Task goal: Every entry is to be restated exactly; pictures are not part of the copy.

Dataset excerpts:
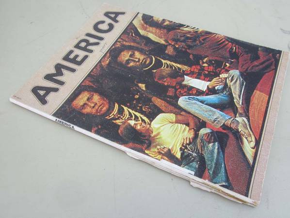 offering for sale one book titled "America".. Songbook from the self-titled album by the band America. 64-page softcover book. Includes: "A Horse With No Name", "I Need You" , "Sandman" Etc.Also has a number of photos..
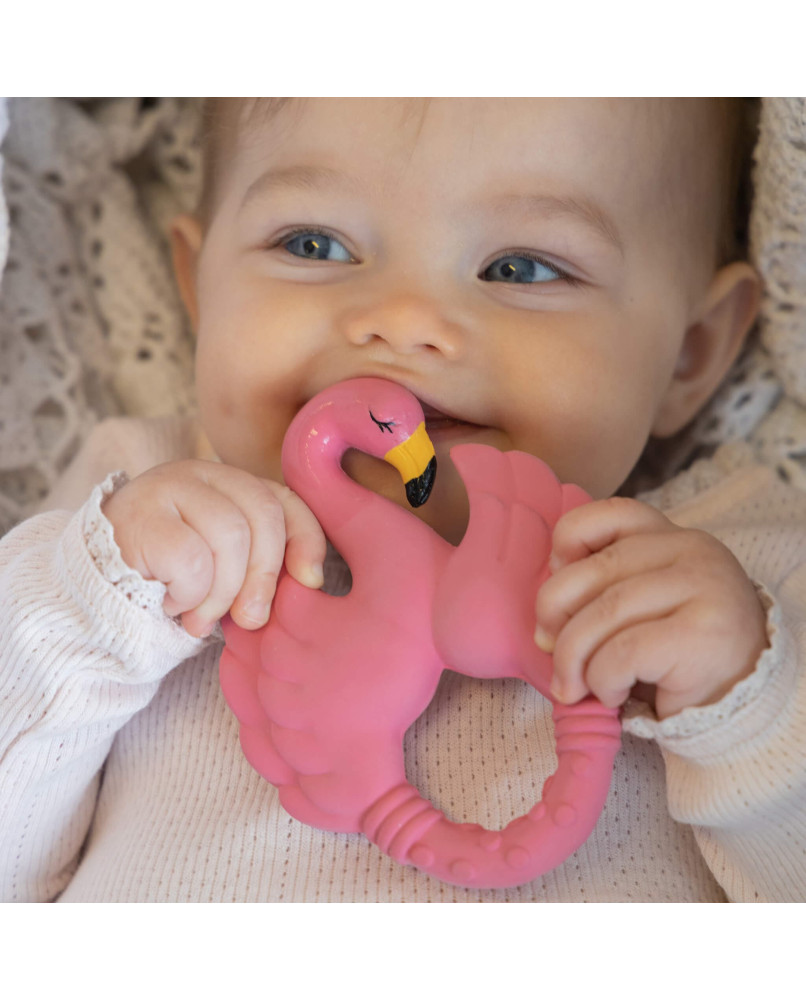 ¡Bienvenido al flamenco que te hace querer desplegar tus alas y volar hacia un mundo de juego natural e imaginación! El flamenco Natruba es fácil de agarrar para las manos de los más pequeños y un alivio perfecto para las encías irritadas. El flamenco tiene diferentes superficies para el juego sensorial y está hecho de caucho natural tanto blando como duro para satisfacer todas las etapas del dolor de encías. Su color brillante estimula la vista de tu hijo. Está hecho a mano en caucho natural y cuidadosamente esculpido y pintado a mano con pigmentos naturales, lo que lo convierte en el compañero perfecto y puro para tu pequeño. Como todos los productos Natruba, este es un juguete totalmente natural, ecológico y no tóxico (libre de PVC, BPA, ftalatos y nitrosaminas), diseñado sin válvula, lo que significa que no se pueden acumular moho ni bacterias en su interior.
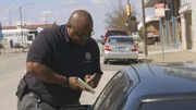 Der Detektiv nimmt Informationen von Autofahrern entgegen.
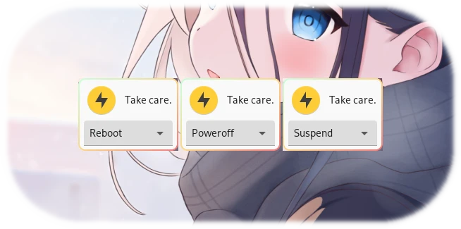 case "$(yad --title='Power Management' --text='Take care.' --text-align=center \ --image=org.xfce.powermanager --no-buttons --buttons-layout=spread --fixed \ --entry Poweroff Reboot Suspend)" in 'Poweroff') systemctl poweroff ;; 'Reboot') systemctl reboot ;; 'Suspend') systemctl suspend ;; *) echo see you again. ;; esac
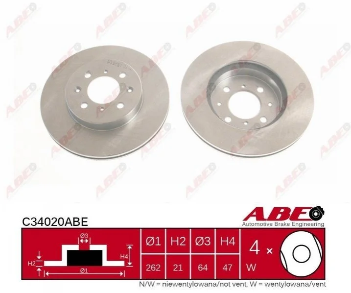 Гальмівний диск ABE C34020ABE (45251SK3E00, 09545720)
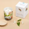 Each candle is hand-poured into a reusable 300 ml glass with a 100% cotton wick and covered with an FSC-certified wooden lid.
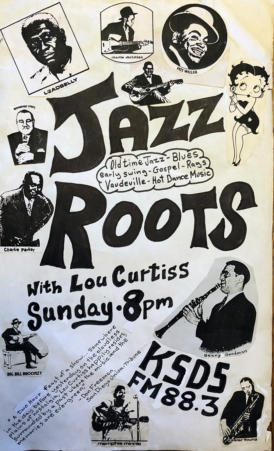Lou’s story is also the story of the folk music scene in San Diego, beginning in the 1960s. Folk music in America bourgeoned during this period as a cultural outgrowth of the progressive political movement, particularly its coalescing around the Civil Rights movement and opposition to the Vietnam war. As a child, Lou was introduced to both folk music and labor-oriented politics by his father, who was a member of the IWW (International Workers of the World) union and rode the rails during the Great Depression. Lou’s own experiences included registering African-American voters in the deep South and being threatened by the KKK. His social sensibilities, activism, and love of roots music from the South (blues, Cajun, bluegrass, etc.) shaped his lifelong dedication to collecting and disseminating American roots music, mirroring the efforts of Jon Cohen and Alan Lomax.

Answer to the exercise:
 offering for sale one book titled "America".. Songbook from the self-titled album by the band America. 64-page softcover book. Includes: "A Horse With No Name", "I Need You" , "Sandman" Etc.Also has a number of photos..
 ¡Bienvenido al flamenco que te hace querer desplegar tus alas y volar hacia un mundo de juego natural e imaginación! El flamenco Natruba es fácil de agarrar para las manos de los más pequeños y un alivio perfecto para las encías irritadas. El flamenco tiene diferentes superficies para el juego sensorial y está hecho de caucho natural tanto blando como duro para satisfacer todas las etapas del dolor de encías. Su color brillante estimula la vista de tu hijo. Está hecho a mano en caucho natural y cuidadosamente esculpido y pintado a mano con pigmentos naturales, lo que lo convierte en el compañero perfecto y puro para tu pequeño. Como todos los productos Natruba, este es un juguete totalmente natural, ecológico y no tóxico (libre de PVC, BPA, ftalatos y nitrosaminas), diseñado sin válvula, lo que significa que no se pueden acumular moho ni bacterias en su interior.
 Der Detektiv nimmt Informationen von Autofahrern entgegen.
 case "$(yad --title='Power Management' --text='Take care.' --text-align=center \ --image=org.xfce.powermanager --no-buttons --buttons-layout=spread --fixed \ --entry Poweroff Reboot Suspend)" in 'Poweroff') systemctl poweroff ;; 'Reboot') systemctl reboot ;; 'Suspend') systemctl suspend ;; *) echo see you again. ;; esac
 Гальмівний диск ABE C34020ABE (45251SK3E00, 09545720)
 Each candle is hand-poured into a reusable 300 ml glass with a 100% cotton wick and covered with an FSC-certified wooden lid.
Lou’s story is also the story of the folk music scene in San Diego, beginning in the 1960s. Folk music in America bourgeoned during this period as a cultural outgrowth of the progressive political movement, particularly its coalescing around the Civil Rights movement and opposition to the Vietnam war. As a child, Lou was introduced to both folk music and labor-oriented politics by his father, who was a member of the IWW (International Workers of the World) union and rode the rails during the Great Depression. Lou’s own experiences included registering African-American voters in the deep South and being threatened by the KKK. His social sensibilities, activism, and love of roots music from the South (blues, Cajun, bluegrass, etc.) shaped his lifelong dedication to collecting and disseminating American roots music, mirroring the efforts of Jon Cohen and Alan Lomax.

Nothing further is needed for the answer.